На минуту она растерялась. И этих жалких юнцов она боялась столько времени? Да пусть катятся подальше вместе с их брошюрками и листовочками! Но что-то ее остановило. То ли жирная свастика на футболке одного из них… Точно такая, как тогда, десять лет назад… То ли глухая тупая злоба в глазах молодых нацистов… То ли детское воспоминание о страшных шрамах на согбенной спине больного деда, бывшего узника Освенцима…
«Старший» напыщенно произнес:
– За нас есть кому вступиться!
– Пасть закрой! – детектив Иван Семенов взмахнул шершавой заскорузлой ладонью – ладонью человека, умеющего одинаково хорошо держать крестьянскую лопату и автомат Калашникова. И «старший», точно пугливая собачонка, шарахнулся в сторону.
– Вызывайте милицию, – сказала Ада. – Я подаю в суд. На них и их хваленое РНЕ. За оскорбление чести и достоинства.
«Девочка что-то стирала, склонившись над ржавой раковиной, когда на серой кафельной стене выросла огромная тень.
Девочка обернулась, испуганно вытаращив глаза, пролепетала:
– Что тебе нужно?
– Не ори.
На лицо легла тяжелая потная рука…»
– Марина, Марина, проснись!
– Что?! – Она подскочила и села на кровати, дико озираясь.
Антон коснулся ее взмокшего лба.
– Ты кричала во сне.
– Что кричала?
Он пожал плечами.
– Говорила: «Нет, не надо».
Марина потерла виски, точно стараясь унять головную боль.
– Да… – в ее голосе зазвучала горькая ирония. – Теперь я не даю тебе спать. Лучше мне переселиться в другую комнату.
Она накинула пеньюар, взяла с тумбочки сигареты, зажигалку и вышла.

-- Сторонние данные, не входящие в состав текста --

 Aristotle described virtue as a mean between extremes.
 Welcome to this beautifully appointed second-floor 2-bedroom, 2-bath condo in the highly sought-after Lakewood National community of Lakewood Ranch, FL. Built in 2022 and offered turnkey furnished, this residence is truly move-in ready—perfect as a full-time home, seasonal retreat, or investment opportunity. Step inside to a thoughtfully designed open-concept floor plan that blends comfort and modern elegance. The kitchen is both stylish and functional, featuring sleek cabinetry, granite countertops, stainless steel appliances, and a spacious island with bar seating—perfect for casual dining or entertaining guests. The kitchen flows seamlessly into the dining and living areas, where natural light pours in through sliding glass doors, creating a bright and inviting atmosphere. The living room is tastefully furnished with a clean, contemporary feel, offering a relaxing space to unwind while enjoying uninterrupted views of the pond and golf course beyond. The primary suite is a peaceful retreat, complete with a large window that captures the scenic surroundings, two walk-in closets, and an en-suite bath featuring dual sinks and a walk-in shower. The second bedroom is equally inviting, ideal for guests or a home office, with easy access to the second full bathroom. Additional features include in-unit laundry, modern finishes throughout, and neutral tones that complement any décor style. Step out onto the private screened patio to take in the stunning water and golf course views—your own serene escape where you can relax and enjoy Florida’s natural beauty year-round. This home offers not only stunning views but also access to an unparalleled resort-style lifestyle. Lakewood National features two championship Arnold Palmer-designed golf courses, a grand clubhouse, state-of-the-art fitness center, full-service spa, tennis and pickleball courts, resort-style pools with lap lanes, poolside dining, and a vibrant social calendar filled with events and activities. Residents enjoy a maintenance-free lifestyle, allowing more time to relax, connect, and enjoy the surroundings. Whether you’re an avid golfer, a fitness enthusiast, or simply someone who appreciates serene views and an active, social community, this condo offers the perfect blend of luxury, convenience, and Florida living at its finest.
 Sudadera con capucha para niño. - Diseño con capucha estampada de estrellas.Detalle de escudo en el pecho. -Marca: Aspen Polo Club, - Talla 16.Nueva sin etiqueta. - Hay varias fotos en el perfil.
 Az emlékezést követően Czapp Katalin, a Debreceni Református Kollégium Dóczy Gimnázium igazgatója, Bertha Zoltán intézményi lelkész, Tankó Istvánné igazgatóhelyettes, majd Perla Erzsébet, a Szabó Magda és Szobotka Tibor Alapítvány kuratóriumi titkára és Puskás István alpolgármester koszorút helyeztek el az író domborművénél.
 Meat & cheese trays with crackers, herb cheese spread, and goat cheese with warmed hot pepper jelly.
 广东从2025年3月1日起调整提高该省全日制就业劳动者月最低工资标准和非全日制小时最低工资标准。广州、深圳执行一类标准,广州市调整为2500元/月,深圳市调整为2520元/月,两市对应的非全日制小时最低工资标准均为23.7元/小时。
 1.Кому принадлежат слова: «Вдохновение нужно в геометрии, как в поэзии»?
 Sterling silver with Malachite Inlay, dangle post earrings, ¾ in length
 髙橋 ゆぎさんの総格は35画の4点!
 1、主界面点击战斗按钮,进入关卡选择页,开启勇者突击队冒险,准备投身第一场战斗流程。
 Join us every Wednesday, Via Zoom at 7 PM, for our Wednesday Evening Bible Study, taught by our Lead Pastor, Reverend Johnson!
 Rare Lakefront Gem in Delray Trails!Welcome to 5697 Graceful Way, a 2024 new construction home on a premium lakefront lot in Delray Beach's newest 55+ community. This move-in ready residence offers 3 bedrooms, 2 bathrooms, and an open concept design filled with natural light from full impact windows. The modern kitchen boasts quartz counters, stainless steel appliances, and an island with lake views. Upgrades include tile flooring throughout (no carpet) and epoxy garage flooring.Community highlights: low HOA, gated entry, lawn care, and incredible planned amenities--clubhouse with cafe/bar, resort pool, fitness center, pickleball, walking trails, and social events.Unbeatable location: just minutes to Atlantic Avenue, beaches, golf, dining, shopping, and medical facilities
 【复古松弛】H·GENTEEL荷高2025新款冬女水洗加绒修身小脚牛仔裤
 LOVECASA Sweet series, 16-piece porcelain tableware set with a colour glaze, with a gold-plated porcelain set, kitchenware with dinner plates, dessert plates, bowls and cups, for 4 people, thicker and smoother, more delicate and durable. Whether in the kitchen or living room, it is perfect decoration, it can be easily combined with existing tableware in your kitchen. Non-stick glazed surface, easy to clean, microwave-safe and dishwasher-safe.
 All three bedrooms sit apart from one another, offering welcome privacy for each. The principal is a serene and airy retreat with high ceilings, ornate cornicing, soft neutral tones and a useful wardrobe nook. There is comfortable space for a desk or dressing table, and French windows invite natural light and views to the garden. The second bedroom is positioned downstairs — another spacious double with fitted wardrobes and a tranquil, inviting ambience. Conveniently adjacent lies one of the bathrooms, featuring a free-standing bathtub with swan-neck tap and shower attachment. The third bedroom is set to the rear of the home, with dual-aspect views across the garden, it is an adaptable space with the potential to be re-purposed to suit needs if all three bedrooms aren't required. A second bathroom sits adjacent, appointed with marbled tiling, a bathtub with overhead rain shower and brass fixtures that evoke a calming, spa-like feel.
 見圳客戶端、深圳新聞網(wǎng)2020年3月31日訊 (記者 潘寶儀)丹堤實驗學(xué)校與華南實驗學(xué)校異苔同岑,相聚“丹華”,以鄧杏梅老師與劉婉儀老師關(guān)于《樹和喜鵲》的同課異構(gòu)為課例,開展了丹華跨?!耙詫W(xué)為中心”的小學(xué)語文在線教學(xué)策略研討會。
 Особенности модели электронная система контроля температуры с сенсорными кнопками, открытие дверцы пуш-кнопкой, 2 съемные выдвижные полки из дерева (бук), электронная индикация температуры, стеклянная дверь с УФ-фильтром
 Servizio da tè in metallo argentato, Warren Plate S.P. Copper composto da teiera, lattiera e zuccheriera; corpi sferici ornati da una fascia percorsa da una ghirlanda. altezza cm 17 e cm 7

На лестнице, застланной мохнатым ковром, горели светильники в виде факелов. Разумно – в темноте можно оступиться ненароком и шею сломать. Марина присела на верхнюю ступеньку, закурила, стряхивая пепел прямо на сероватый мрамор.
– Знаешь, что один человек сказал другому, сидящему на рельсах? – спросил подошедший Антон.
– ?
– Подвинься.
Она слабо улыбнулась.
– Хочешь выпить?
– Нет, спасибо.
– Что случилось, детка?
Когда он вот так касался ее плеча, ей казалось, что в его голосе слышится нечто большее, чем простое участие. И тогда ей отчаянно хотелось свернуться в клубок, спрятаться в его сильных руках… Но это было бы глупой сентиментальной блажью… Слава Богу, ей больше никогда не будет одиннадцать…
Она ответила, сердито насупившись:
– Ерунда. Обыкновенный ночной кошмар.
– Знаешь, – его ладонь была горяча, словно печка, – чтобы кошмар не повторялся, о нем нужно рассказать кому-нибудь.
– Он не повторится. ЭТО приходит только иногда, во сне.
– Поговори со мной, – настойчиво попросил Антон. – Ты можешь мне довериться. Как я однажды доверился тебе.
– Думаю, это не лучшая тема для обсуждения со своим мужчиной.
– Марина… – Он поймал пальцем ее подбородок, заглянув в глаза. – Тебе когда-то причинили боль…
Я знаю. Это было изнасилование?
Она, вздрогнув, низко нагнула голову.
– С чего ты взял?
– Я вырос на улице. Но я всегда это ненавидел.
Она закрыла лицо ладонями, пытаясь унять дрожь во всем теле.
– Сколько тебе было?
– Одиннадцать.
– Кто он был?
– Наш, детдомовский. Я сопротивлялась, но он был старше… сильнее…
Он ударил меня о стену, и я отключилась. Потом долго не могла прийти в себя. Всё думала: если бы я кричала, лучше сопротивлялась, если бы не потеряла сознание… Тысяча «если…».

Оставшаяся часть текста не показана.